So the brushes have died 2x during pallet cutting?  Is the cutting really going that hard / long?  If so it may just be the saw but I'd wonder if there aren't contributing factors.  Are you using a super long extension cord which may cause low voltage at the saw?  Is there something with the cutting technique which blocks air flow more than normal?  Did you get good wear in/contact or is there excessive sparking between the brushes and com? (this could cause excessive heat build-up)  Are you using a really dull blade - or one where the 'set' is narrow or worn and causing the blade to pinch.  Any other factors which would cause a higher load, slower blade speed (and correspondingly higher amp draw and lower cooling air flow) ?

As I mentioned above, I run about the cheapest saw wal-mart has to offer.  The only time I've had issues was running it for a long time -as a table saw, or in very excessive heat.  A few years ago, I ripped through a truckload of pallets with my $40 saw which was several years old at the time - it never missed a beat.  Still using the same saw today.

Either way, hope it works out.  Those pallets are pretty hard pickin's for the amount of wood you get - much less burning up a saw every time!


----------



## wahoowad (Nov 13, 2009)

I think what is happening is that this saw of mine is a low end homeowner saw and doesn't have the torque to keep going when these pallet slats shift as they get cut at one end.

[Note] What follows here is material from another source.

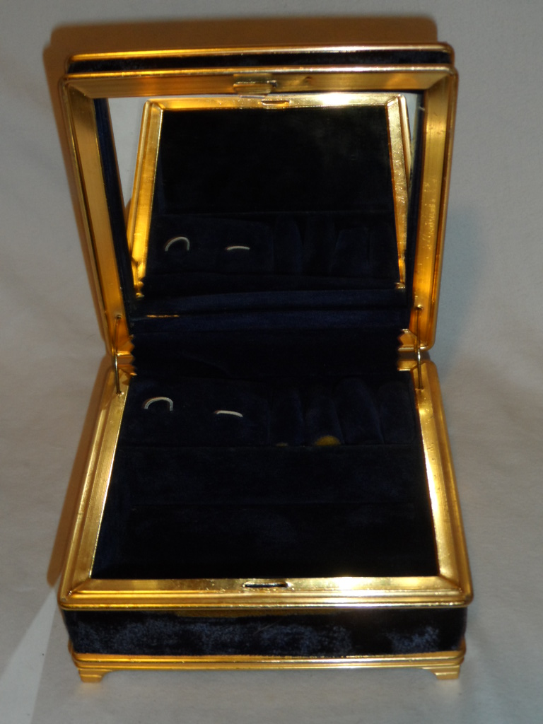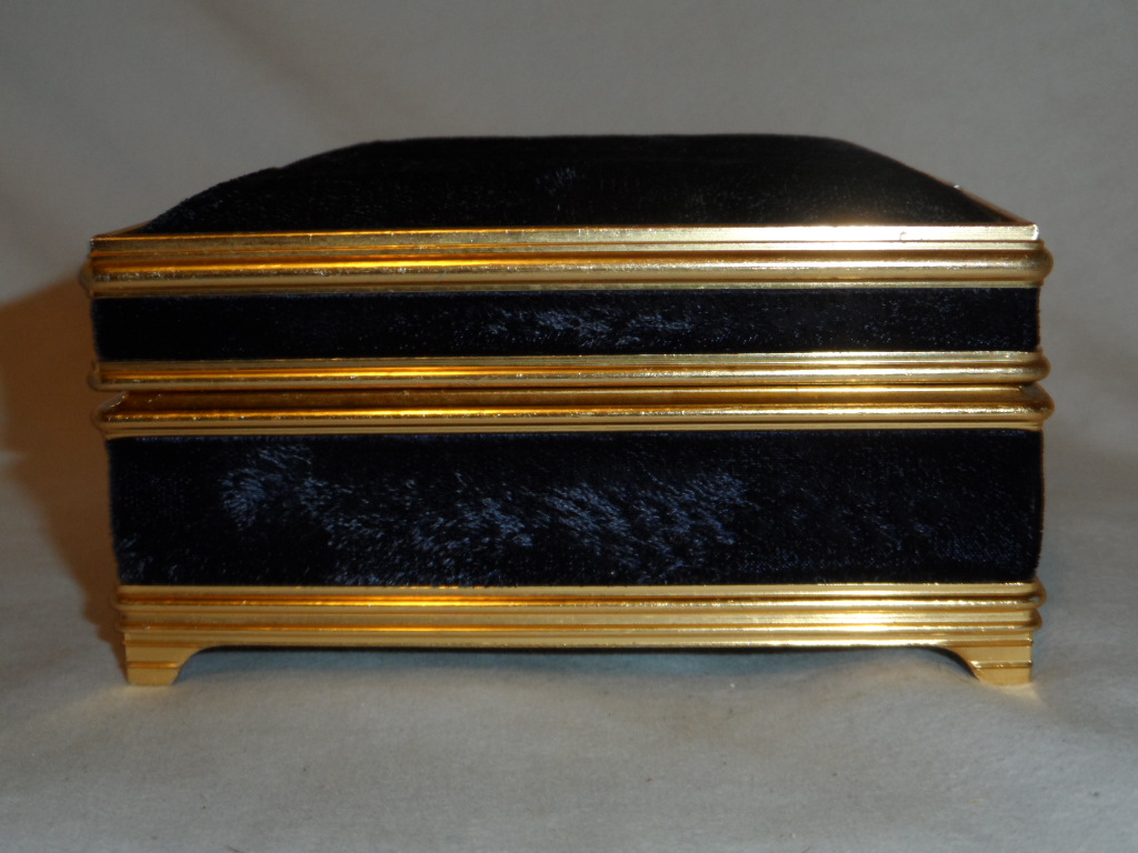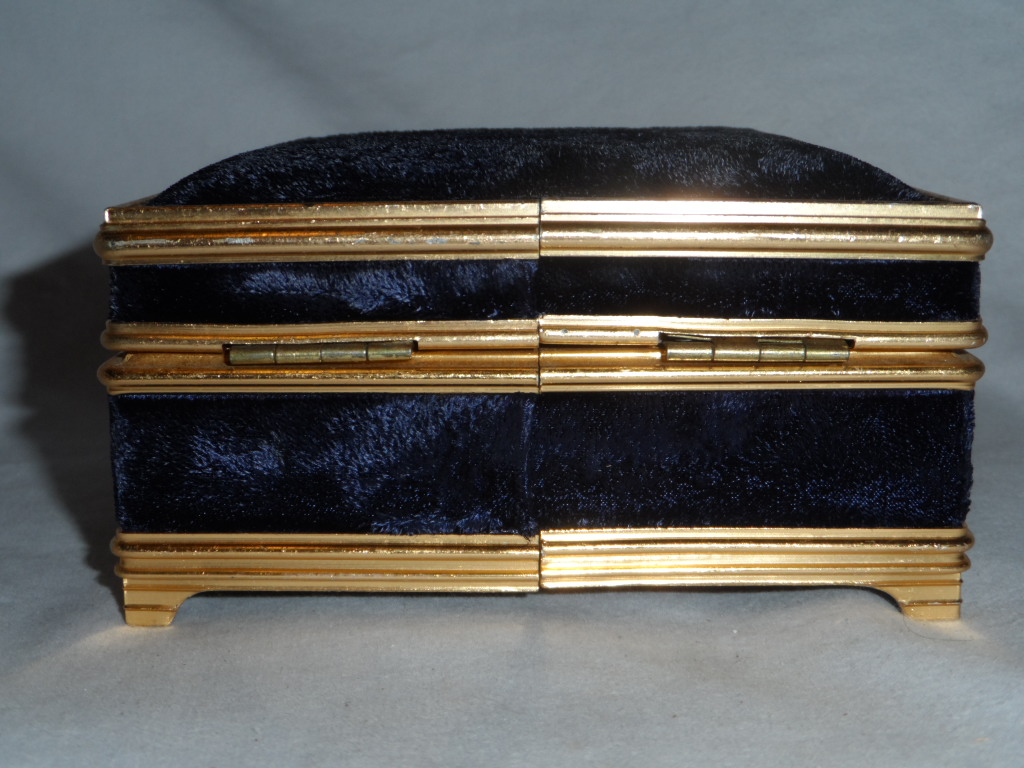 Goldtone metal with blue velvety cloth |

They are partially binding my blade and causing the brushes to burn up. I need to remember to not cut pallets with it anymore. It has done well on everything else.


----------



## Gooserider (Nov 14, 2009)

I don't cut up a lot of pallets, as I prefer cutting up trees, but I have had to chop a few in making floors for my wood shed and other such projects...  What I've found is that my best results have been when using my Milwaukee Sawzall with a "wood & nails" demo type blade.  It would cut fast, and the reciprocating action would often bust up the boards so that you didn't always have to cut all the way through them.  Downside is that it does put a beating on the operator.

I found a circ saw tended to bind as wahoowad mentioned, and also tended to have trouble with the wide spacing between the boards.  It was especially bad when making the second cut to get the other end of boards that had already been cut once..  In addition, while you can get demo blades for a circ saw, most of them don't really like hitting nails...

The chain saw was kind of overkill, and tended to want to either kick back, or toss the boards that were cut at you, not to mention the worry about hitting nails and so forth.

My jigsaw would cut quite nicely, but it was SLOW...

Gooserider


----------